Le chemin vers la rédemption
À genoux devant le monde, il avait la tête inclinée face à sa défaite. Ses vêtements étaient en lambeaux, carbonisés, réduits à néant par les attaques qu'il avait essuyé. Il avait échoué. Sa vengeance avait été détruite par un prêtre aux allures d'enfant. Imhotep l'avait arrêté pour sauver Djéser, son ami. Un ami. Lui n'en avait plus. Thot s'en retournerait dans son royaume sans lui adresser un regard, lui qui avait échoué, lui qui l'avait déçu et trahi. Apophis était seul à nouveau.
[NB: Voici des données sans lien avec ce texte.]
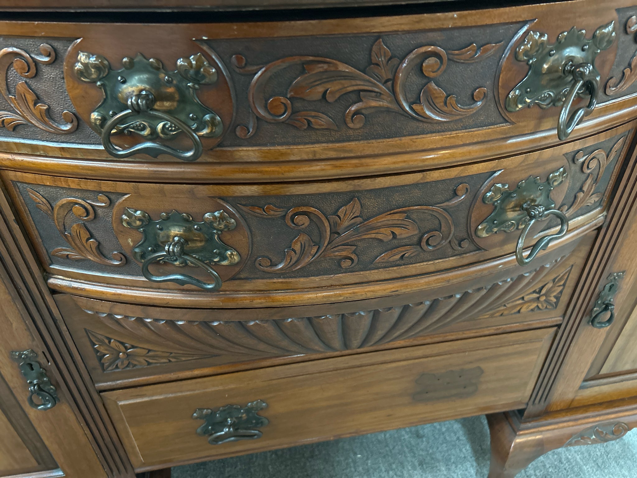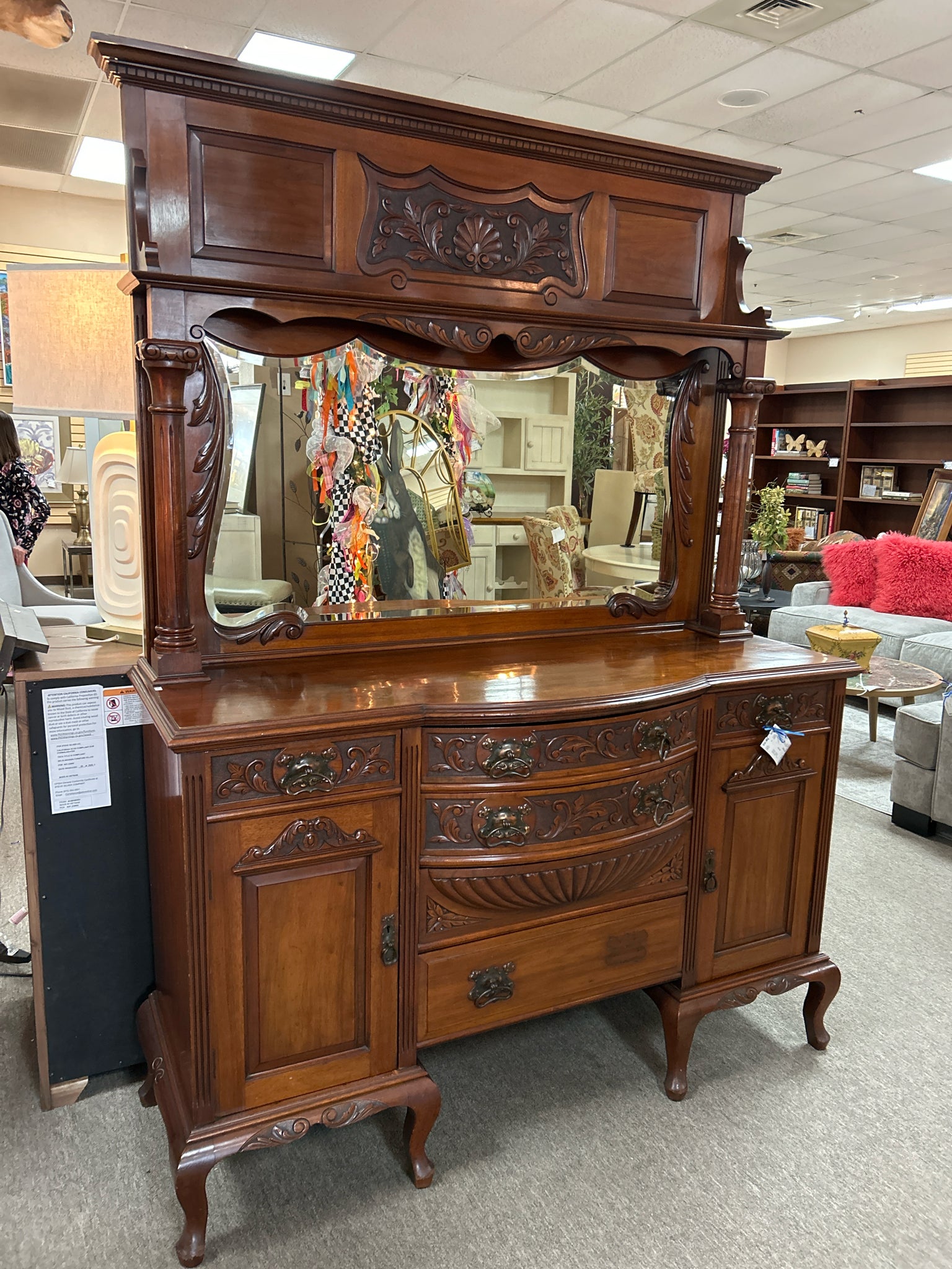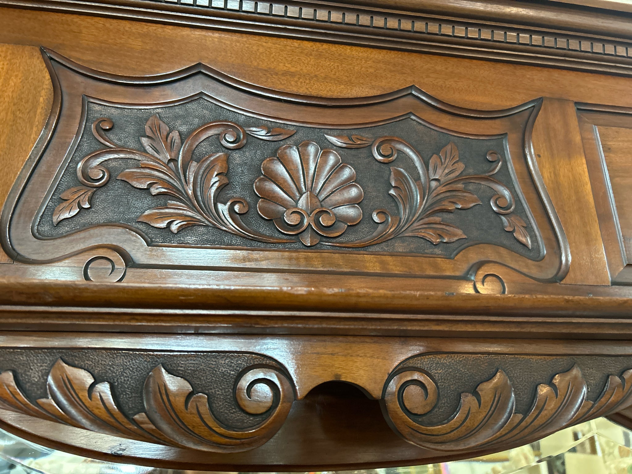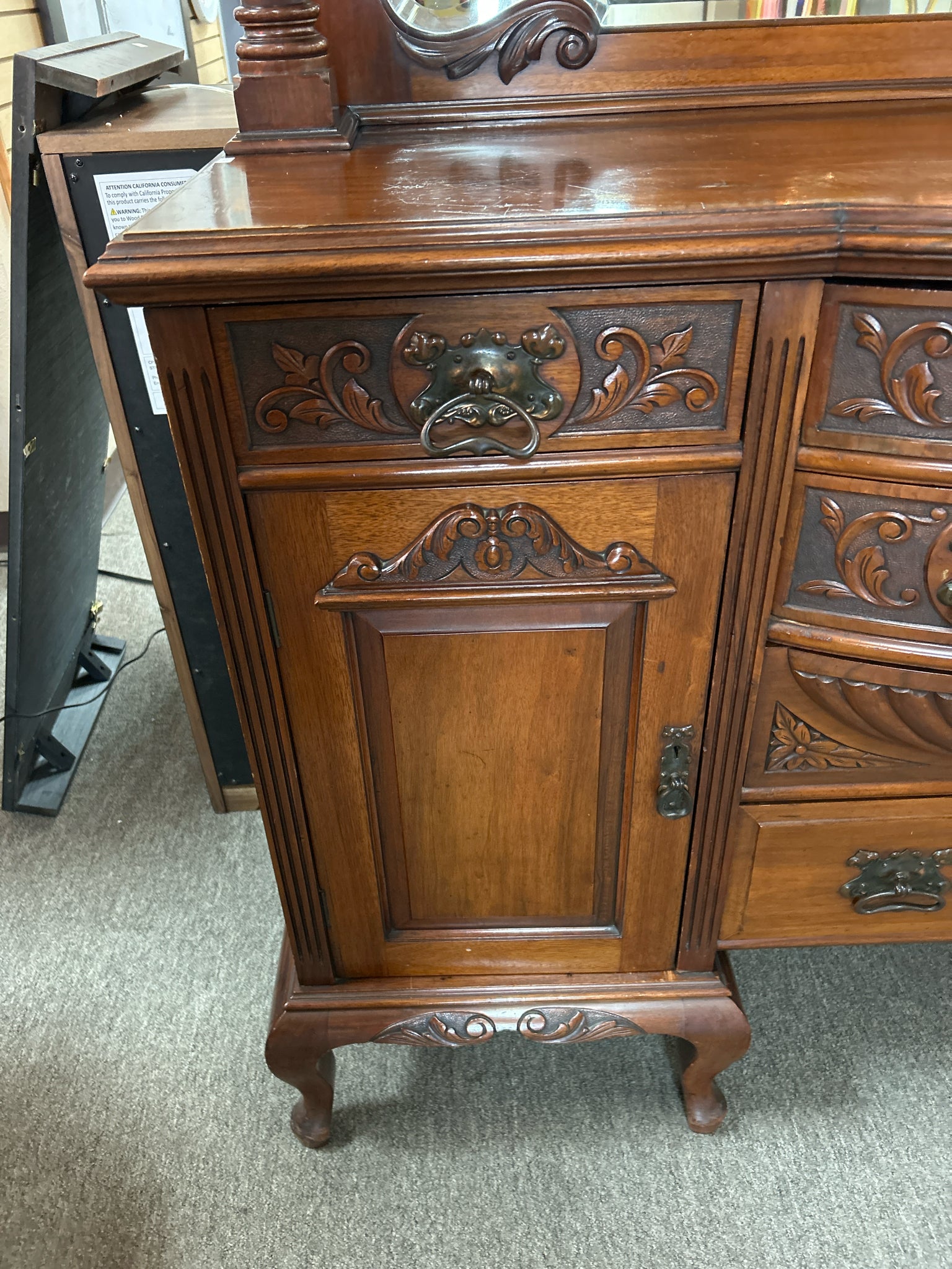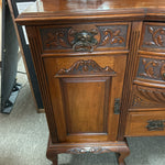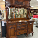 Antique Sideboard w/Mirrored Hutch & Floral Carvings, 4 Drawers, 2 Doors - 60x21x82"h (Missing Handle in Drawer)

Malgré son corps retrouvé et ses pouvoirs plus puissants, cela ne lui servaient à rien s'il n'avait pas d'objectif. Se venger de l'Ogdoade n'avait servi à rien, il avait été stoppé. Espérer retrouver ses liens avec Thot, était impossible maintenant qu'il avait vu son vrai visage, celui d'un serpent noir avide de pouvoir et de vengeance, battu par un enfant. Il serait condamné aux ténèbres pour expier ses fautes et ses crimes. Seul.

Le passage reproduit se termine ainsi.